* Records for this exercise
+++
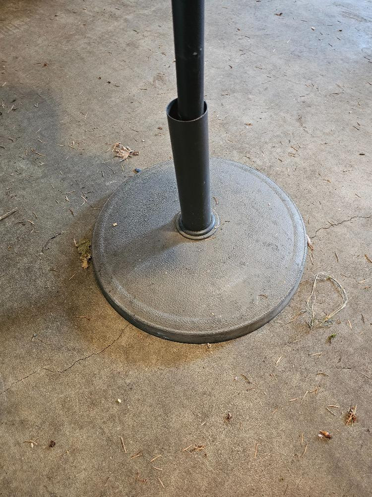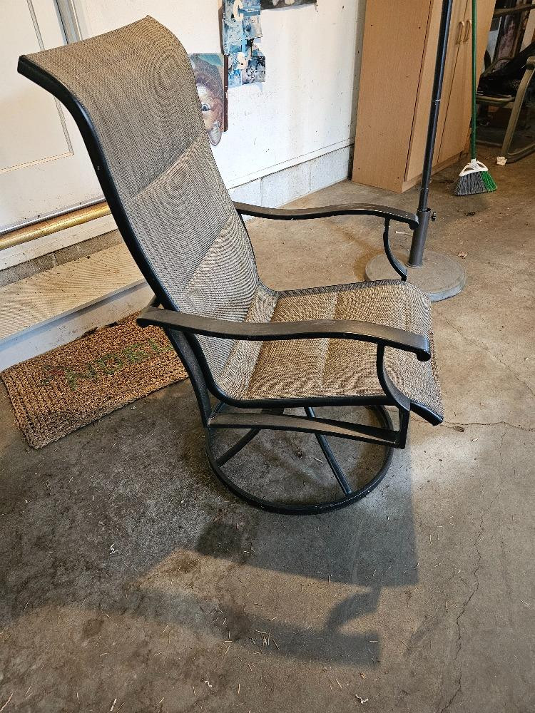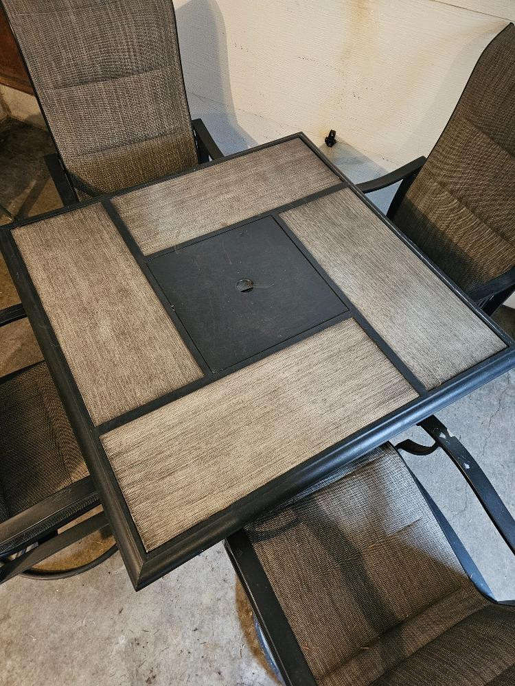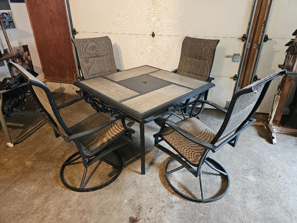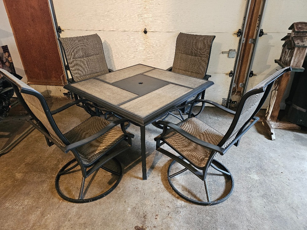 Outdoor Patio Table, Chairs & Umbrella Metal-framed table with metal wood-like panels in the top (4) Heavy metal swivel & rocking chairs Umbrella (canvas Umbrella material needs a cleaning) & weighted base Table is 28.5"T x 42"W x 42"D Nice condition!
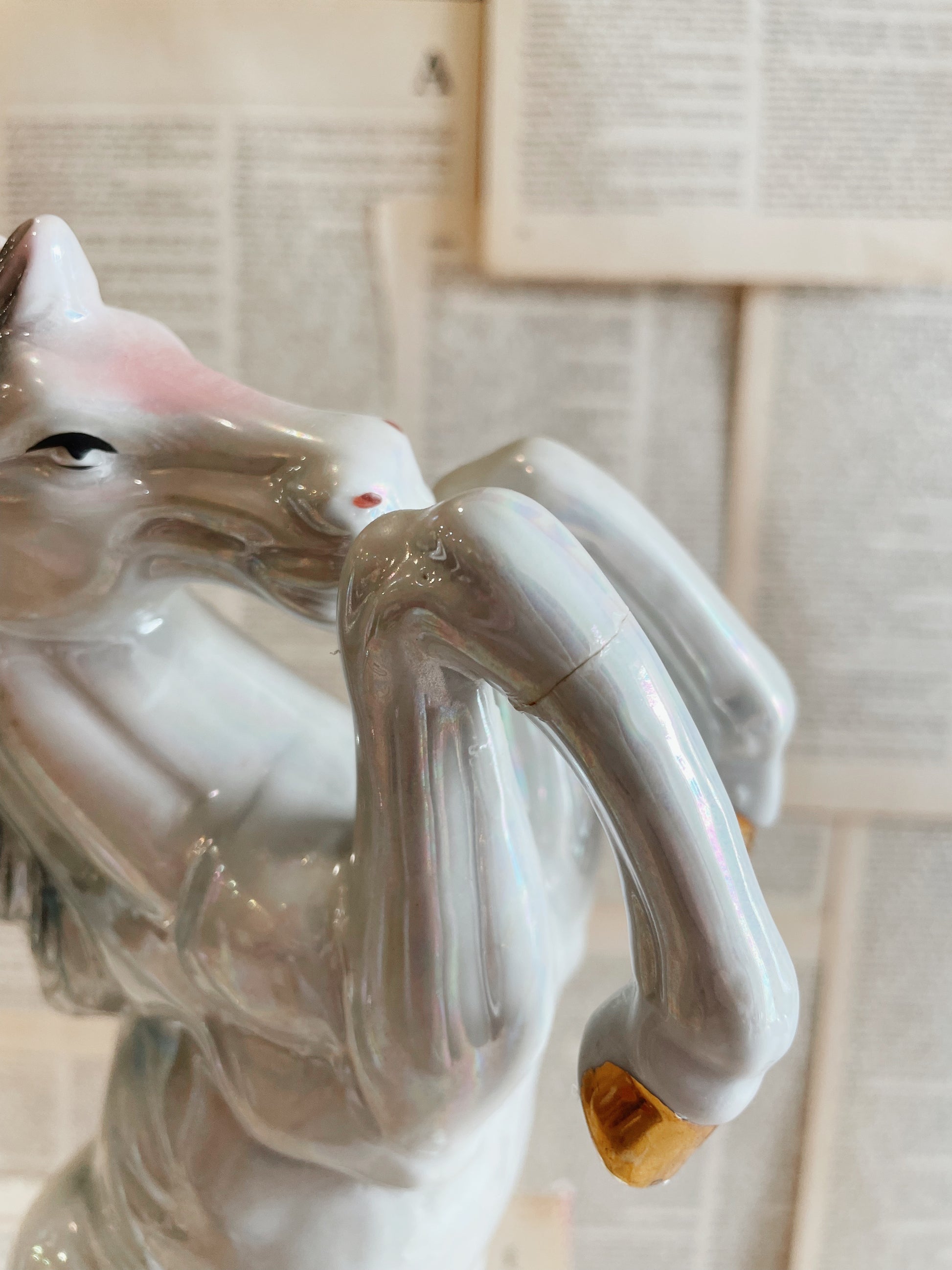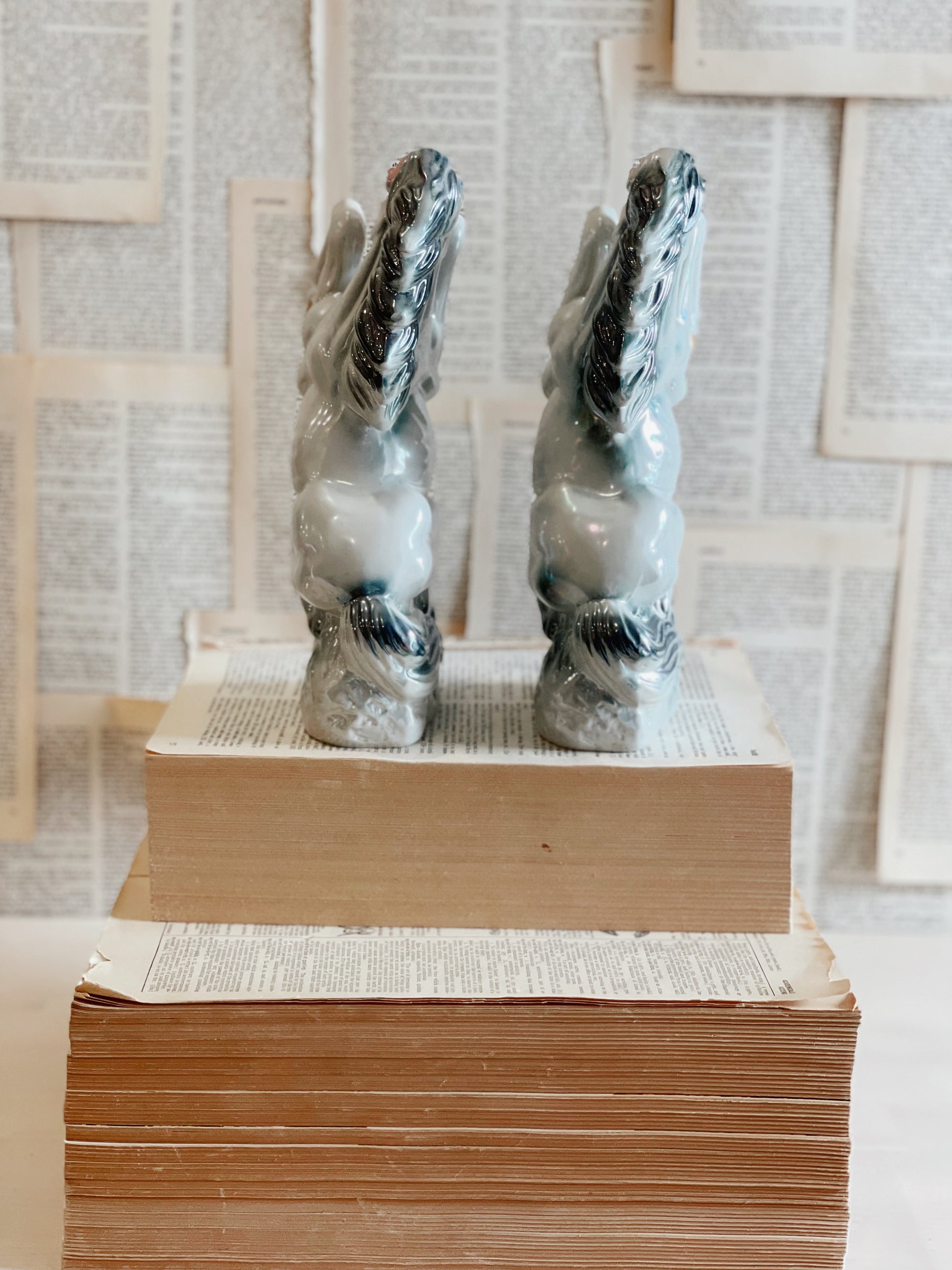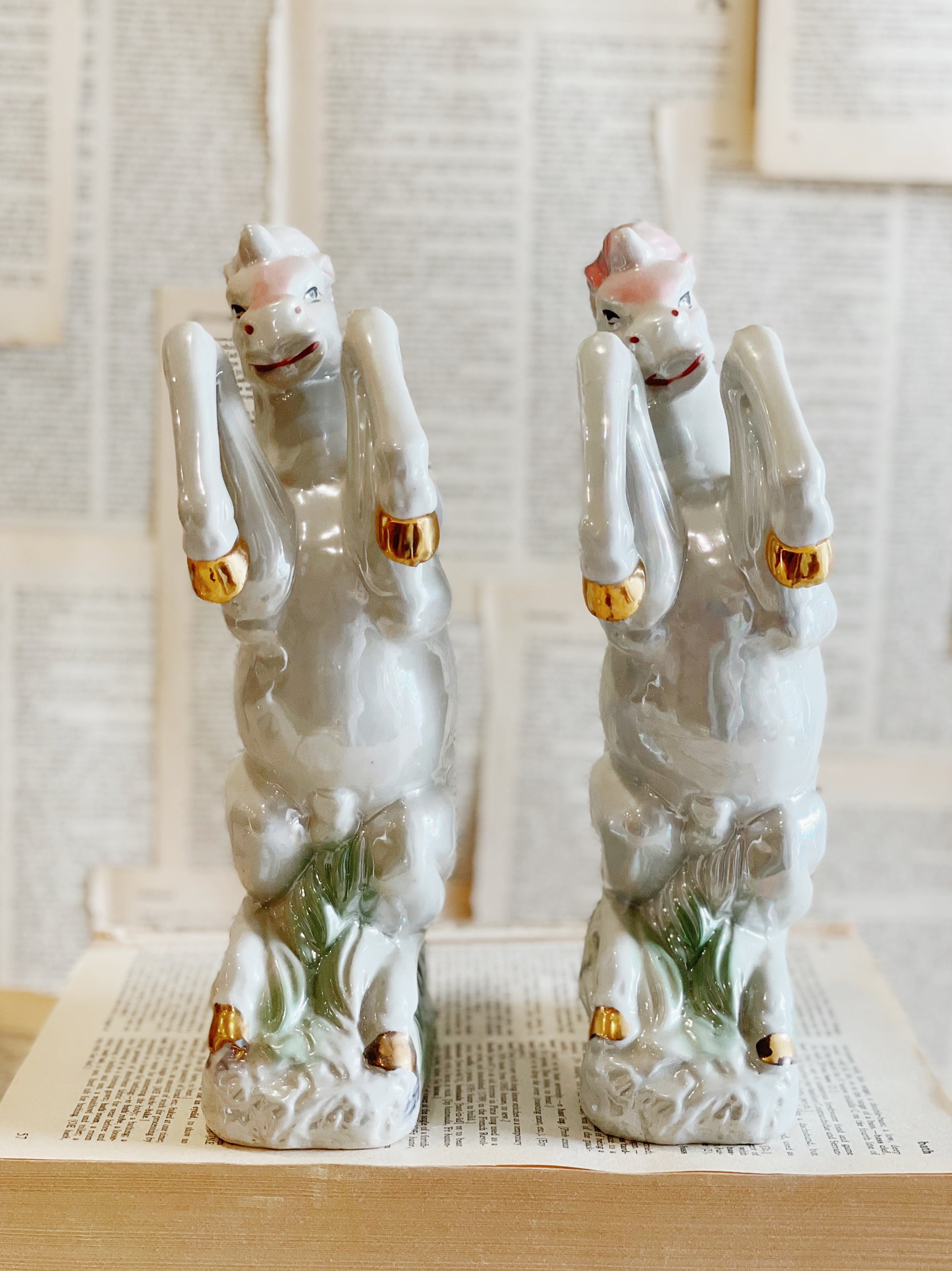 This pair of vintage horses is striking, they would frame a piece of art, clock, or set of books beautifully. These horses are painted white with metallic and soft pastel features. One horse has been repaired on one of its legs (see images).
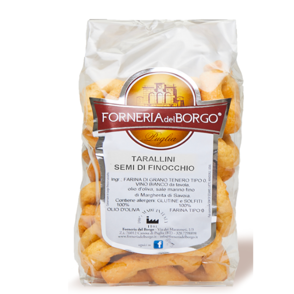 Sacchetto da 210 grammi di Taralli Semi di Finocchio Pugliesi - Ricetta Classica
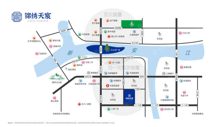 锦绣天宸地处整个江南板块的核心洽阳区域,经多年发展,区域配套已十分醇熟。八一大道、新安大道、徽州大道尽在咫尺,交通优势明显;天润发超市、江南菜市场、合家福超市环绕左右,生活氛围浓厚;更近享江南幼儿园、江南实验小学、百鸟亭小学、屯溪六中等优质教育资源。
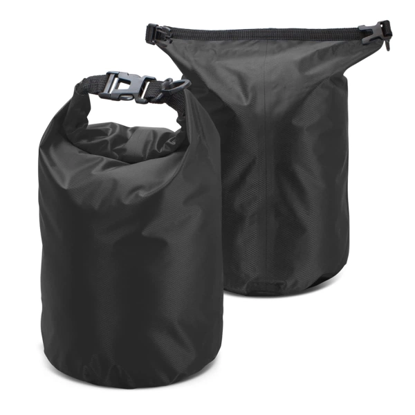Dry bag with heat-sealed water-resistant seams. It is manufactured from robust 210T laminated nylon grid cloth. Simply roll down the top closure several times and close it with the snap lock for a water-resistant seal. It is ideal for storing valuables and electronic devices in the outdoors and around water.
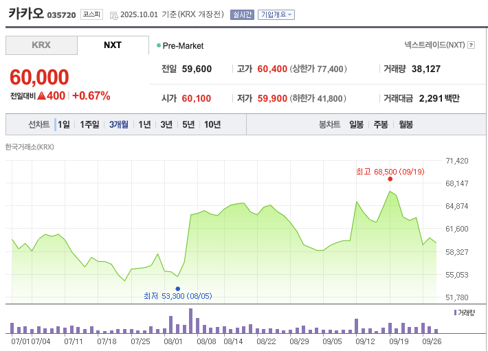 앱마켓에서는 평점이 급락했습니다. 구글 플레이스토어와 앱스토어에는 1점 리뷰가 폭주했고, 일부 이용자는 “이럴 거면 다른 메신저로 옮기겠다”라는 반응까지 보였어요. 이런 분위기는 곧바로 주가에도 반영되어, 카카오 주가는 4% 이상 하락하며 6만 원선이 붕괴되기도 했습니다.
+++
* Goal of the exercise
The answer consists solely of the lines from the one holding "锦绣天宸地处整个江南板块的核" through the last line of the entries above, set down verbatim, without any pictures.

* Your solution
 锦绣天宸地处整个江南板块的核心洽阳区域,经多年发展,区域配套已十分醇熟。八一大道、新安大道、徽州大道尽在咫尺,交通优势明显;天润发超市、江南菜市场、合家福超市环绕左右,生活氛围浓厚;更近享江南幼儿园、江南实验小学、百鸟亭小学、屯溪六中等优质教育资源。
Dry bag with heat-sealed water-resistant seams. It is manufactured from robust 210T laminated nylon grid cloth. Simply roll down the top closure several times and close it with the snap lock for a water-resistant seal. It is ideal for storing valuables and electronic devices in the outdoors and around water.
 앱마켓에서는 평점이 급락했습니다. 구글 플레이스토어와 앱스토어에는 1점 리뷰가 폭주했고, 일부 이용자는 “이럴 거면 다른 메신저로 옮기겠다”라는 반응까지 보였어요. 이런 분위기는 곧바로 주가에도 반영되어, 카카오 주가는 4% 이상 하락하며 6만 원선이 붕괴되기도 했습니다.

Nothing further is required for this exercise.